● Your instructions
Leave out the pictures and repeat the data exactly.

● Raw data
..............................

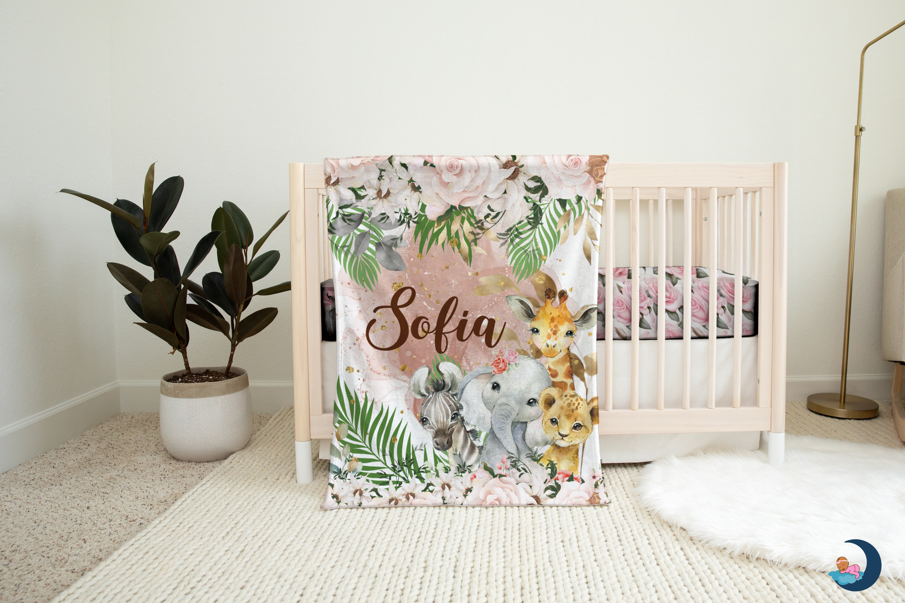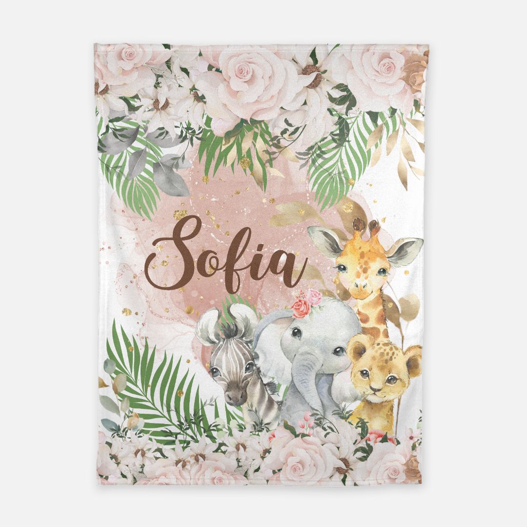 Wrap your little one in comfort with this personalized safari baby blanket! Featuring adorable jungle animals, lush florals, and your baby’s name, this ultra-soft blanket is perfect for snuggles, nursery décor, or as a thoughtful baby shower gift.
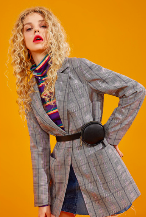 Model展示了今年最趨勢的小腰包使用示範!同時是皮帶功用與小包包功能的結合,若是你的西裝外套沒有附腰帶~就可以使用這種方式繫出腰身,實用又很有型!
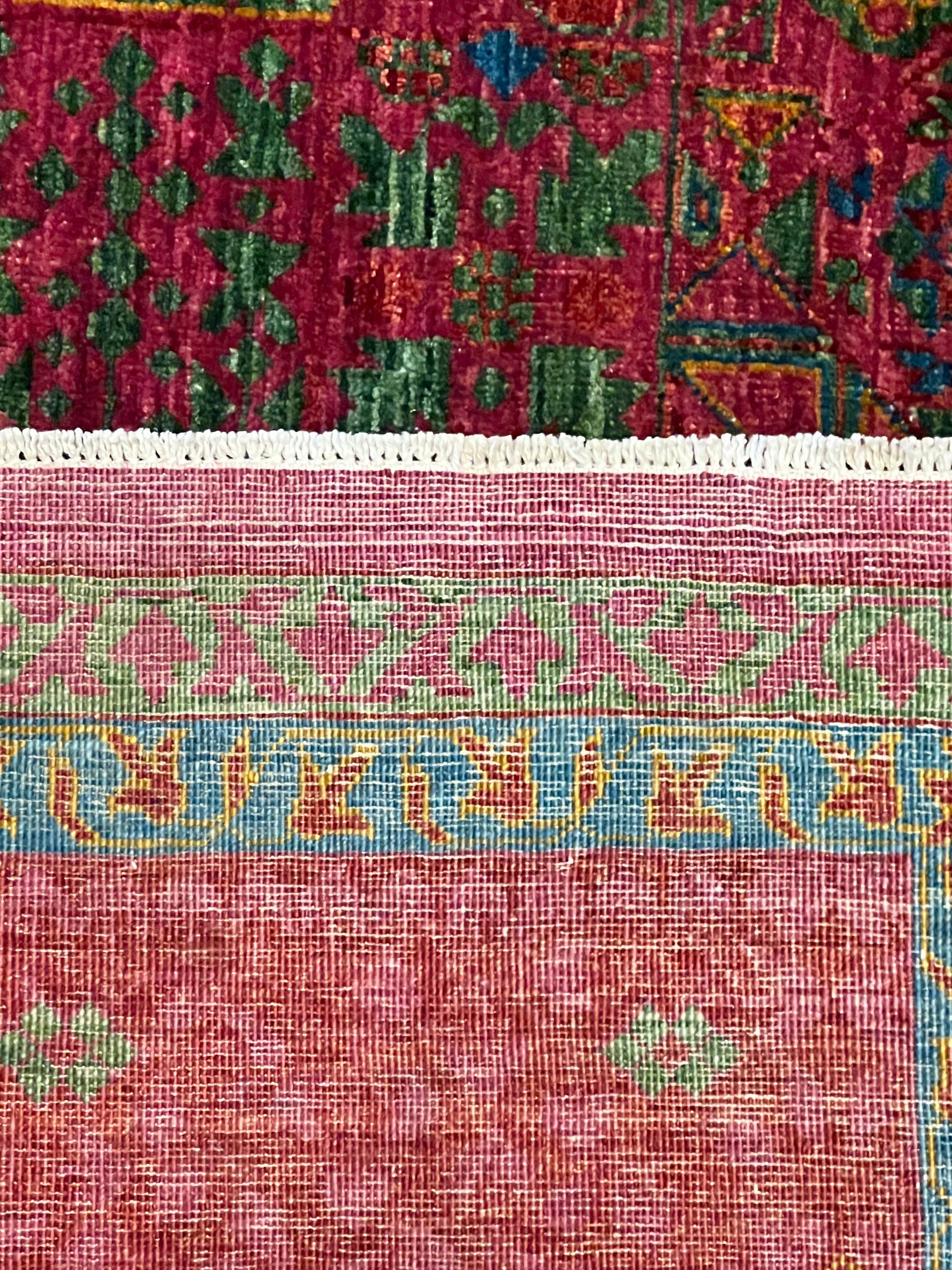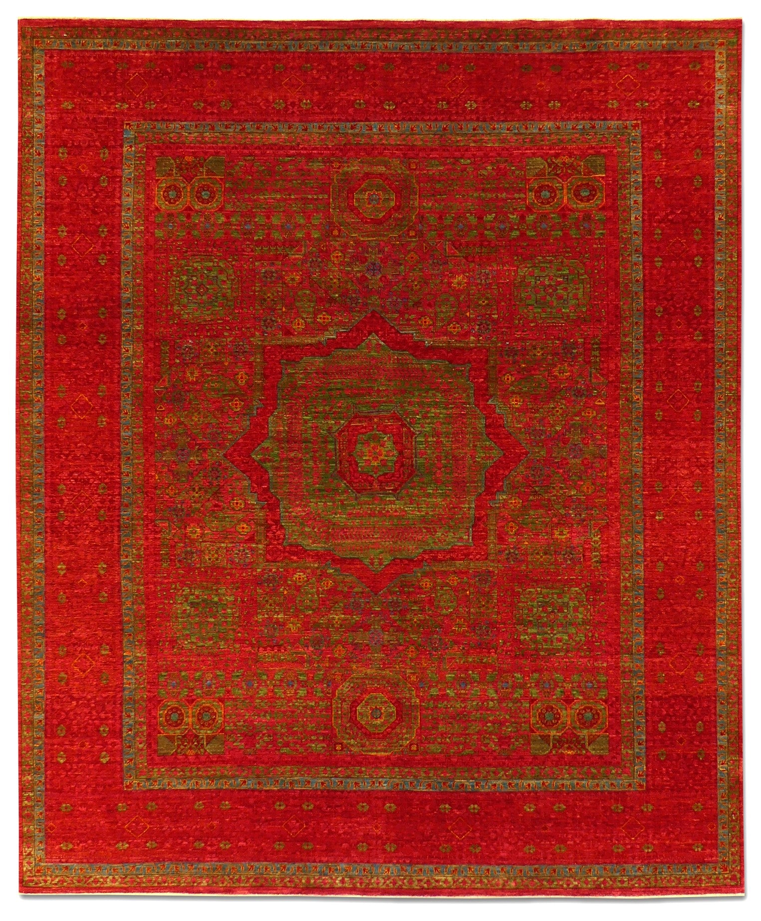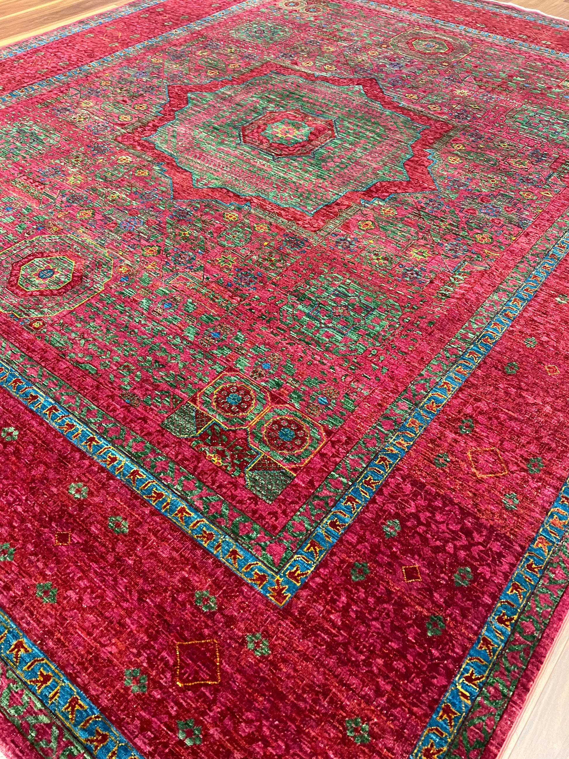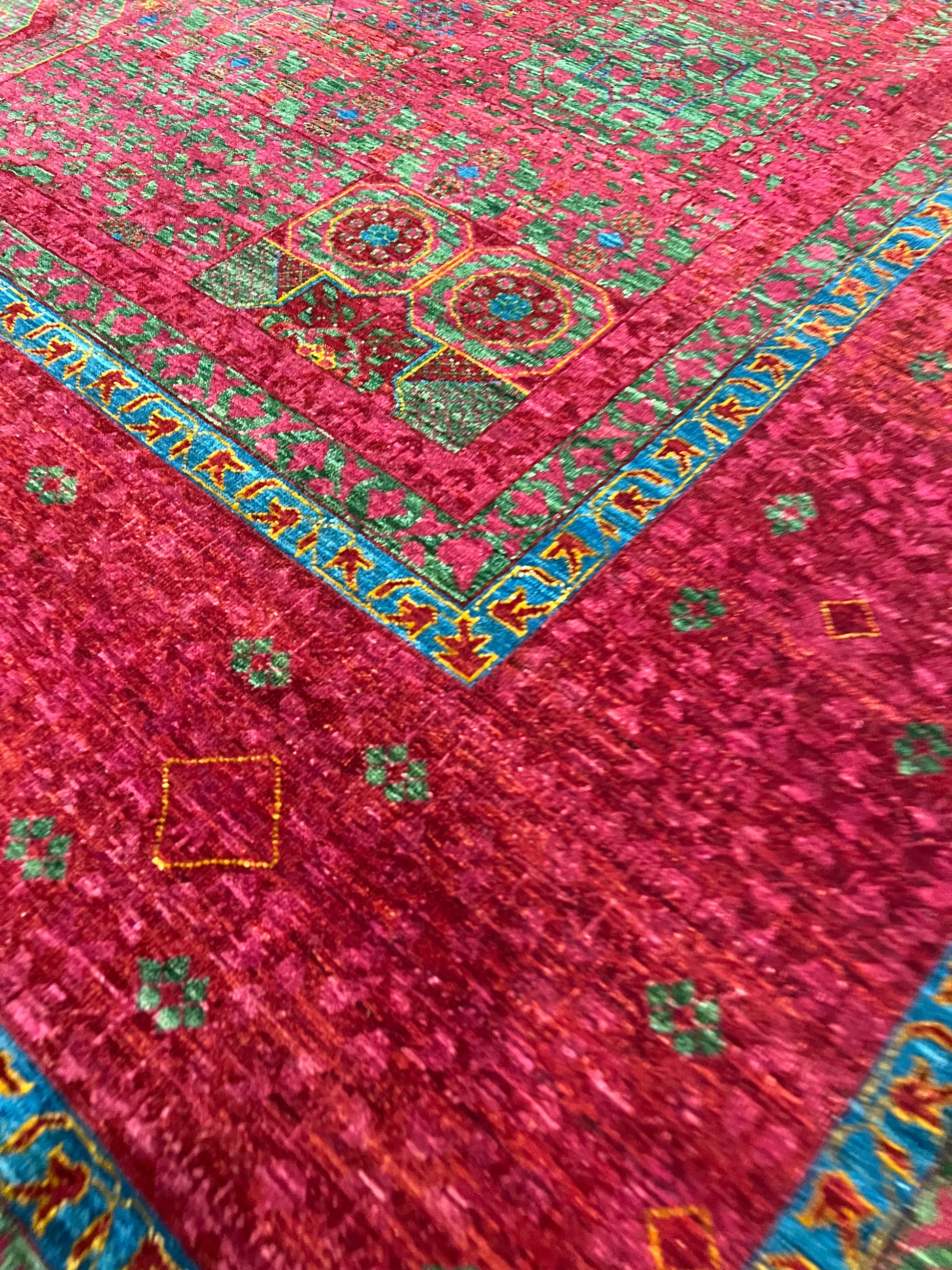 This exquisite traditional Mamluk rug is crafted from high-quality wool, showcasing a rich interplay of red, green, and gold hues. Its detailed geometric patterns and star-centered medallion resonate with historic artistry and craftsmanship. The precise symmetry and harmony reflect the time-honored Mamluk design, making it an exceptional piece that brings an air of sophistication and cultural depth to any interior.

..............................

● Answer to this exercise
 Wrap your little one in comfort with this personalized safari baby blanket! Featuring adorable jungle animals, lush florals, and your baby’s name, this ultra-soft blanket is perfect for snuggles, nursery décor, or as a thoughtful baby shower gift.
 Model展示了今年最趨勢的小腰包使用示範!同時是皮帶功用與小包包功能的結合,若是你的西裝外套沒有附腰帶~就可以使用這種方式繫出腰身,實用又很有型!
 This exquisite traditional Mamluk rug is crafted from high-quality wool, showcasing a rich interplay of red, green, and gold hues. Its detailed geometric patterns and star-centered medallion resonate with historic artistry and craftsmanship. The precise symmetry and harmony reflect the time-honored Mamluk design, making it an exceptional piece that brings an air of sophistication and cultural depth to any interior.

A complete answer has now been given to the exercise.